A shop is deffinetly going to earn more respect by doing this..but i think some shops might see it as possibly reducing there customer base...i dont think this would be the case.: victory:


----------



## serz (May 8, 2006)

I think you should need to be vetted and have a licence before you are allowed to own any animals regardless what it is as there are too many bad keepers out there and like you say people buying these things on a whim.


----------



## Marinam2 (Sep 4, 2007)

I think it would actually be more beneficial to make sure that staff and sho owners are aware of what they are doing.

If i were standing in a shop trying to sell a species i was well aware about and someone came in and started jibbering on about stuff and it became clear that thy knew nothing i would be in a better position to advise and suggest a "setting up" period.

Rather than just assuming people know what they are doing and handing over said species.

Marina


----------



## Meko (Apr 29, 2007)

serz said:


> I think you should need to be vetted and have a licence before you are allowed to own any animals regardless what it is as there are too many bad keepers out there and like you say people buying these things on a whim.
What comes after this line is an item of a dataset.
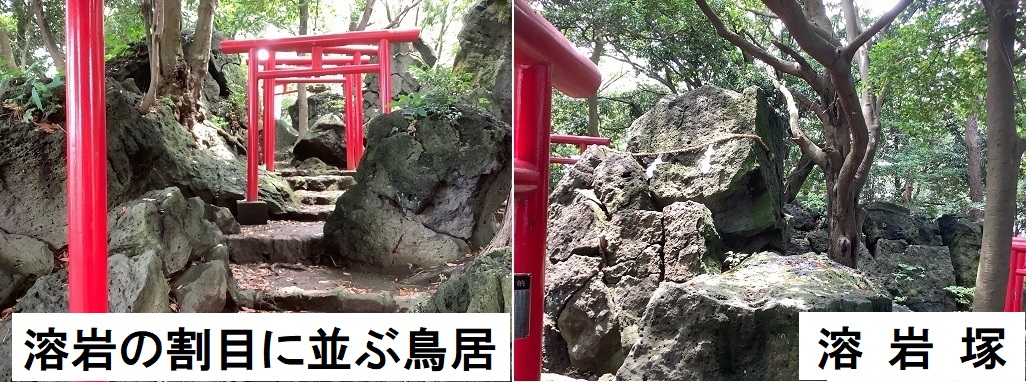 この神社の特徴は境内の至る所に広がる溶岩。そして参道にはその溶岩の割れ目に80基以上の朱鳥居が並びます。ごつごつした溶岩塚に並ぶ朱鳥居は一段と映え、壮観です

thats impossible to do though. Breeders will have a nightmare selling anything as people would have to show their license before buying and people won't want to get a license. If we did need a license and i didn't have my dogs i'd just sell everything rather than apply for one for the snakes, fish and frogs. The dogs are family so they're going nowhere.
Also would be impossible to police as people buy puppies off friends etc.


----------



## Trice (Oct 4, 2006)

Marinam2 said:


> I think it would actually be more beneficial to make sure that staff and sho owners are aware of what they are doing.
> 
> If i were standing in a shop trying to sell a species i was well aware about and someone came in and started jibbering on about stuff and it became clear that thy knew nothing i would be in a better position to advise and suggest a "setting up" period.
> 
> ...



I agree with you there, If i worked in a shop and didnt have a clue about the things i was selling, i'd be pretty embarassed too


----------



## amber_gekko (May 11, 2007)

What would happen in the private reptile trade eg. breeders shows (doncaster etc...) and the classifieds???

If people couldn't get what they wanted from a shop because of tests they could go to a show and pick it up you dont even have to be a member to get in to doncaster and the people there cant be expected to test every person.

Testing in shops or liscencing might just drive the problem underground


----------



## Meko (Apr 29, 2007)

is it always possible to know about a species you're selling?

you order in 5 beardies and the supplier cocks up and sells you 5 uro's. 
It isn't cost effective or feasible to send them back so do you:
a - send them back anyway
b - educate everybody on them to advanced level so they can give out care advice
c - get them to read up as best they can on them so they've a basic idea of what they need.
d - Wing it as there's only 5 and by the time people are up to speed on everything they'll probably be gone.

Yeah if you're working in a plumbing shop and somebody comes in to buy a regular stock item (boiler) then you'd expect the staff to know about it and if its the right one for the job. But if its an animal thats only going to be in short term you can't force your staff to study it. 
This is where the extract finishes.